Павел Нечаев - Цена жизни
Хоть впереди и были свои, двигались по-боевому, не забывая глядеть по сторонам. Все ж таки впереди была «застройка». Бой в городе сложная и опасная штука, и надеяться, что шедшие впереди зачистили все дыры, было глупо. А ну, как пропустили что, и сейчас из какого-нибудь укрытии чудом оставшийся в живых сарацин разглядывает идущих через прицел? Погибать по-глупому никто не хотел, поэтому и без напоминаний сержантов все смотрели в оба.
По улице никто не шел. Тактические наставления не то, чтобы рекомендовали — прямо предписывали, там, где это возможно, двигаться через дома. Так шедшая перед группой новобранцев штурмовая группа и поступила. Не торопясь, выбивая двери, если надо, проламывая стены, она дом за домом продвигалась вглубь деревни. Новобранцы шли за ней, прикрывая тылы. Впереди то вспыхивала, то затихала стрельба, ухали взрывы гранат. Если штурмовая группа натыкалась на сопротивление, и не могла подавить огневые точки противника сама, в ход шли танки.

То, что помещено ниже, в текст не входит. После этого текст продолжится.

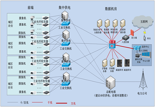 根據(jù)物理環(huán)境,此次建設(shè)中分為N個智能供電箱,采用48V直流供電系統(tǒng),總配電箱通過直流48V電纜線沿著河道石欄的邊沿或城區(qū)排水管道敷設(shè),連接到城區(qū)各個區(qū)域中的集中供電箱,集中供電箱分為正面和背面,背面可以提供48V電源,正面可以架設(shè)工業(yè)交換機。集中供電箱不僅作為傳輸節(jié)點,而且還是智能供電箱體,為前端攝像機和工業(yè)交換機提供24V/48V電源。

Они двигались по улицам, держась в тылу у наступавших, примерно вровень с группами прикрытия. Проходя мимо окон, Грин слышал рев танковых моторов в отдалении. Танк подъезжал, и в несколько выстрелов разделывался с огневой точкой. Такая тактика сводила на нет главный козырь сарацин — противотанковые гранатометы.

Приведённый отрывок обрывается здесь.